Arvis brought up a three dimensional map of the Vasena facility. Sectors A, B, C, D, and E appeared in clean geometric form. Except one.
"Sectors are complete," Arvis said.
Ryu pointed. "Sector D Three is missing."
Arvis lowered his voice. "It was erased five years ago. On the same day a major incident occurred."
A cold shiver climbed Ryu's spine. "What does it have to do with me." Arvis held his gaze. "The message last night did not come from Vasena. It came from someone who should not exist." A large screen lit up without command. Text appeared in clean white letters. Ryu Alverion. We are not finished. N V
Ryu stopped breathing for a moment. Arvis stepped back, his face pale. "This is impossible." Ryu turned to him. "Arvis. Who is N V." Arvis closed his eyes briefly before answering.

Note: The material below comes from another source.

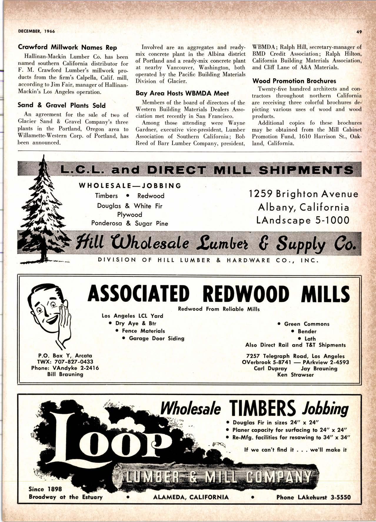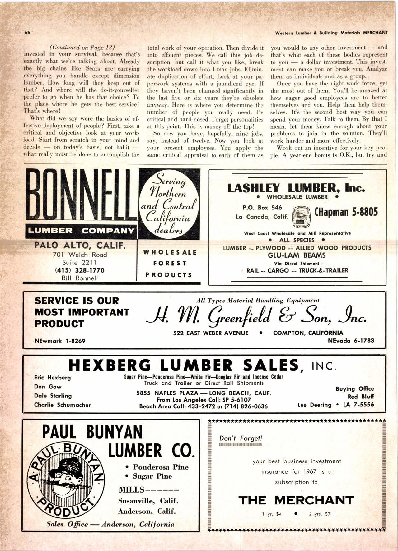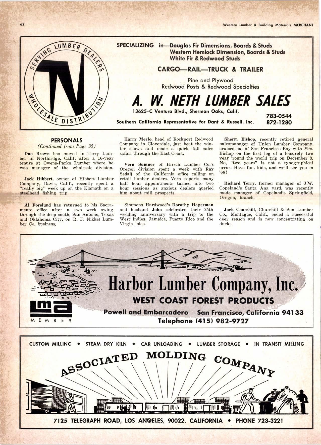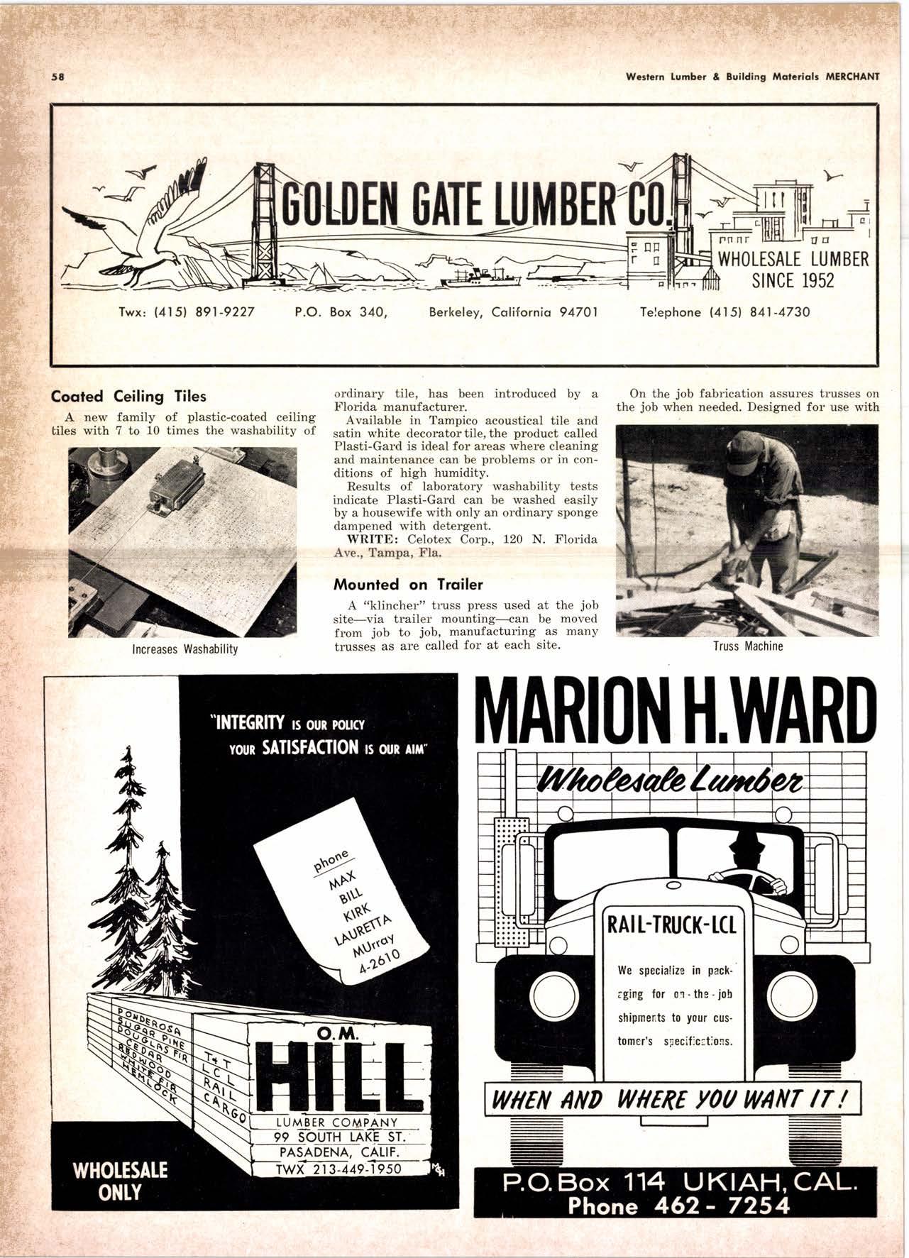 Holl Co., Jomes L. -....--SUtter l-7520 Koppers Co., Inc. ------KJkon 6-2660 lvlcCormick & Borler --.YUkon 2-4033 Wendling-Nothon Co. -----.---.-..-.....--SUtter l-5353 Woodsidc [umber Co. .-.-.-------------Dlomond 3-5644 SPECIAI SENVICES Gilbreoth Chemicol Co. -.-.-------...--.-.-..-SUller l-7537 Redwood Inspeclion Service .---.--..--EXbrook 2-7880 Willis-Moore Poinf Speciollies ..--..--..l\{lssion 8-3200 BAY AREA I.U'\ABER AND IUTIASEN PRODUCIS Alkinson-Slulz Co. .-.-----..-.--------.--..--.--------.345-l 62 I Bof dFBeocom lumber Co. -------.---.-..---..(41 51 527 -31 1 | Bonnell Lumber Co. ---..--...----...-..-..Dlomond 2-1451 Bonnington lurnber Co. -..-.-..--...-.-.--Otympic 8-2881 Colifornio Plywood Corp. --------------.---Olympio 2-5153 Cofif. Sugor & Weslern Pine ....--.--Dlomond 2-1178 Donl Foresl Producls, Inc. --------..-.-(,1 | 51 322-l 8,ll Evons Producls Co. ----.----------------.----.---...-533-8866 Gcorgio-Pocific Corp. .-----------------...--..-.-----849-0561 Gcorgio-Pocific Corp. (Son Josc)...-...CYpress 7-78OO Golden Gote Lumber Co. -..--.-..--...THornwoll l-4730 Higgins tumber Co. (Son Josc) .-.----.CHcrry 3-3120 Hill Whsle. [umber & Supply Co.----l.Andscope 5-1000 Holmes, Fred C. ..--------.....-------.------..--KEllog 3-5326 K-D Ccdor Supply Co. ---ELgin 7-1063 Kilgore, Robed P.-.--..--..---------------Glenwood 6-0831 Loop lumber & lrtill Co.------------..[Alchurrt 3-5550 MocBeolh Hordwood Co.--------.-.---THornwsll 3-1390 Pocific Fir Soles ..-----------.--.---.---------DAvenport 6-8864 Pecrfcss lumbcr Co..---------.----------tOckhavcn 2-77@ Sownill Sofor Co. -------*--6117&1 Silnorco, Inc. __.._.453-6620 Slondord Lumber Co., lnc. ---.-------lAndscope 6-6356 Stroble lumber Cornpony------------TEnplcbor 2-5584 Rolf Slolcrcn --------DAvcnporl 7-7171 Torter, Websler & Johnson .-------------SYcomorc 7-2351 Trionglc Lumber Co.-...-........--.--..-.".LAndscope 4-9595 Twin Horbors Soler Co. ..--..-.-..-.-.......(41 5t 327-1380 U.S. Plyrood Corp. (Ooklondl -----..TWinoolr 3-554.1 U.S. Plywood Corp. (Sonto Clorol -..-..€Hcrry 3-5286 Wesfern Pinc Supply Co.-.-----.----...---OLympic 3-771 | While Brolhers .----....-ANdovcr l-160O Woodside Lumber Co..-.-----------..-..-Dlomond 3-56{4 PANETS_DOORs-SASH_SCNEENS ,l^tttwoRK-ButtDt NG rl^AtERlAtS Arlerio Door Co., Inc, (Son Joccl.-.-.-----...Gt 6-4098 Cofoveros Ccmenl Co.-----..-------...-..-G[cncourt l -710o Torler, Webster & Johnson--.-.--------SYcomorc l-2351 SPECIAT SERV]CES Colif. Lumber lnspeclion Svc.----(408) CYpress 7-8071 Choflenge Cook Bros.-.------ ----562-0120 Kvof heim Mochinery Co. ..---.---.-.----.. -----VOn 7 62-1363 Western Dry Kiln----....-.... --.,---521-3400 Ziel & Co. -,---,.-------.----Yukon l-021O SACRAMENTO AREA turlBEt Cof-Ssc lumber Solg, Inc. -----..-.-.---..(9161 187-7817 Copitof Plywood, Inc.......-.-.-.-.---.---.-----.-.(91 6) 922-8861 Evons Producls Co. .-.--..-..-------.-..-.-----.--...,166{52+ Higgins Lumber Co., J. E. .---927-27Xf King's River Lumbar Corp. ------.--.-.----.(9161 155-Z.249 Nikkef lumber Co., R. F. ---.-----.-..-.-.-..lVonhoc 7{l/5 Norrh Vollcy lumbcr Solcr --.--------.-.--(9161 9Z712Ol Plocerville Lurnbcr Co, ---.-----.-------.NAtionol 2-33E5 BUITDING I'TATERIAIS Coloveros Cerncnt Co. Gllbcrt 2-899f Gcorgio-Pocific Worchourc .-..--.--.---.-WAborh 2-9631 Unifed Stolcs Ply*ood Corp. --.----.Gtodrtonc l-2891 Weyerhoeuser Compony --------------------FRontier l-l0OO SPECIAT SERVICES Lodi-fob Induslrics ..--(2131 368-532,1 RENO, NEVADA, AREA Copitol Pf ywood, I nc.---.--------- - - - ----.---17021 329 -119I Donl Foresl Producls. Inc. ------.-----..-..-.-...323-,13/t5 Feolhcr River Lumber Co. ----329-1201 U.S. Plywood Corp. ---.----.-.-..-----.---.-------.-358-8E55 WHOLESATE LUMBER SPECIAI'ZING 'N TRUCK AND TRA'TIR SHIPTENrS FR.OT ORTGOfl AND IIO. CAUTORN/,A GLUE LAMINATED BEAMS and ARCHES Selling to Retail Lumber Dealers Exclusively Wholesale Distributors of Forest Products Since l9O4 ! t I It Ir t CALIFORNA SUGAR & WESTER]\ PII\B AGENCY, INC. ltrEl M:fVr=rECf P. O. Box 153 BURLINGAME, CALIFORNIA (4fS) Dlamond 24178

"That name is sealed by the government."
Ryu steadied his voice. "Did he kill my father." "No," Arvis said. "He is more dangerous than that." "How dangerous." Arvis moved closer. "N V worked with your father. And he was the only person with clearance for Sector D Three."
Ryu fell silent. His heartbeat filled his ears.
The ceiling lights flickered again. In that split second, a hooded figure appeared behind Arvis. When the lights steadied, the figure was gone.
Arvis turned quickly. Nothing. He looked at Ryu with a grave expression. "Ryu. You have drawn the attention of someone who should not exist."